# Which A-MAZE-N Smoker



## bob2 (Dec 5, 2016)

Hello, I have a brand new MES 30. I plan to make jerky, summer sausage, sausage, snack sticks, etc. from wild game.

It sounds like I probably want to use an A-MAZE-N smoker for the best smoke results but I'm confused on which one, and if I use pellets or dust.  Would the tube version or the 5x8 pellet smoker A-MAZE-N best suit my needs? Do I used pellets or dust?  Thanks


----------



## wild west (Dec 5, 2016)

I have both the maze and the 12 in tube. The maze I can use in my mes 30 but I prefer to use it with the mailbox mod. The tube puts out too much smoke for use inside the mes 30 and in my opinion too much for the mailbox mod also. I've only used pellets in both.


----------



## pc farmer (Dec 5, 2016)

The 5x8 pellet tray can use dust or pellets.   I use both all depends on I am smoking.

The trays were made for the MES.


----------



## link (Dec 5, 2016)

I have the Maze for pellets (does dust as well), 2 12" tubes and the new 6"to 9" expandable tube.

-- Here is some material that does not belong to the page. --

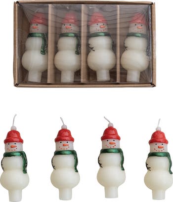 4-Piece Unscented Snowman Shaped Bottle Taper Candles in Box, Multicolor

I tend to use the 12" tubes for most everything. they last 4+hours for me in my MES 30" and give the amount of smoke I am looking for.

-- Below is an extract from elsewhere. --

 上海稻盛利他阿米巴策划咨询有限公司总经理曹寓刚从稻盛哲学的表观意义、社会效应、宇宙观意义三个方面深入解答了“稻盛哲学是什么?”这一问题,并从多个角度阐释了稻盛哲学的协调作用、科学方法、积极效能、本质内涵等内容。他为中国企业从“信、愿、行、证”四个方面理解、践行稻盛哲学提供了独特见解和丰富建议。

The new expandable is great for when I cold smoke cheese or eggs as I can fill it and get 2+ hours at 6" which is what I like when doing cheese. I fill it 90 full, light it and when it goes out I am done.

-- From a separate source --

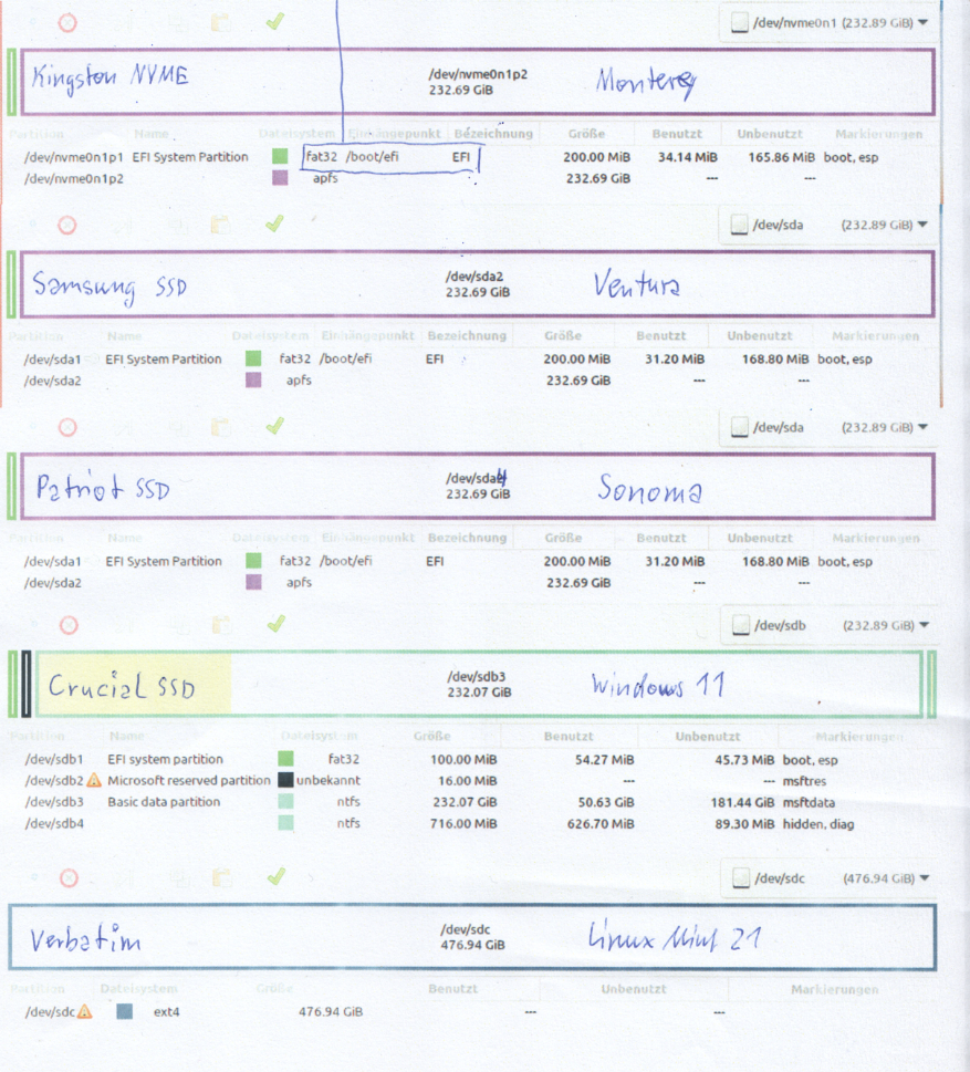 Ah, im OCAT im OpenCore Feld bei "choose Open Core Version" auf "Latest Version" gehen und dann "Get OpenCore" und dann auf "Start Sync" dann sehe ich 0.8.5. Das habe ich verstanden. Ich habe die EFI auf der MacOS SSD ausgetauscht, die funktionierende umbenannt. Neustart und kein Starten mehr, nur diese Hinweise auf dem Bildschirm. Habe mit Linux versucht auf die EFI zuzugreifen, aber es wird nicht gemountet. Weiß jemand wie ich auf die MacOS SSD auf die EFI zugreifen kann? (außer ein MacOS PC). Dann könnte ich die vorherige EFI wieder umbenennen. MfG McDaniel

The tray fits perfectly in the MES 30 and gives 11+ hours for the long overnight/all day smoke. 

So I say get one of each. If you ask me you cannot have too many smokers/smoking gadgets (but do not ask my wife she will have a different answer).

Hope that helps.

Link


----------



## bob2 (Dec 5, 2016)

Thanks all I think I'll start with the tray then.  What is deciding the factor of when you use dust vs pellets?


----------



## SmokinAl (Dec 6, 2016)

I use dust for cold smoking, because it will burn better without heat.

The pellets work well for hot smoking, because they won't catch fire in hot conditions.

Al


----------



## JckDanls 07 (Dec 6, 2016)

SmokinAl said:


> I use dust for cold smoking, because it will burn better without heat.
> 
> The pellets work well for hot smoking, because they won't catch fire in hot conditions.
> 
> Al



:yeahthat:

I prefer dust when cold smoking as well...  it doesn't put out as much heat as the pellets do (even when both ends are lit)... Pellets for hot smoking ...


----------



## t84a (Dec 6, 2016)

Where is everyone putting the tray? I use a foil water pan that consumes an entire rack. The tray will consume another one. Post pics. Thanks


----------



## Bearcarver (Dec 6, 2016)

bob2 said:


> Hello, I have a brand new MES 30. I plan to make jerky, summer sausage, sausage, snack sticks, etc. from wild game.
> 
> It sounds like I probably want to use an A-MAZE-N smoker for the best smoke results but I'm confused on which one, and if I use pellets or dust.  Would the tube version or the 5x8 pellet smoker A-MAZE-N best suit my needs? Do I used pellets or dust?  Thanks


If you are at a high altitude, you should get the Tube.

If not I recommend the 5 X 8 AMNPS.

I use Dust when I'm going to use Smoker Temps of less than 200°, or if I'm only going to fill one row, but I use my AMNS for that.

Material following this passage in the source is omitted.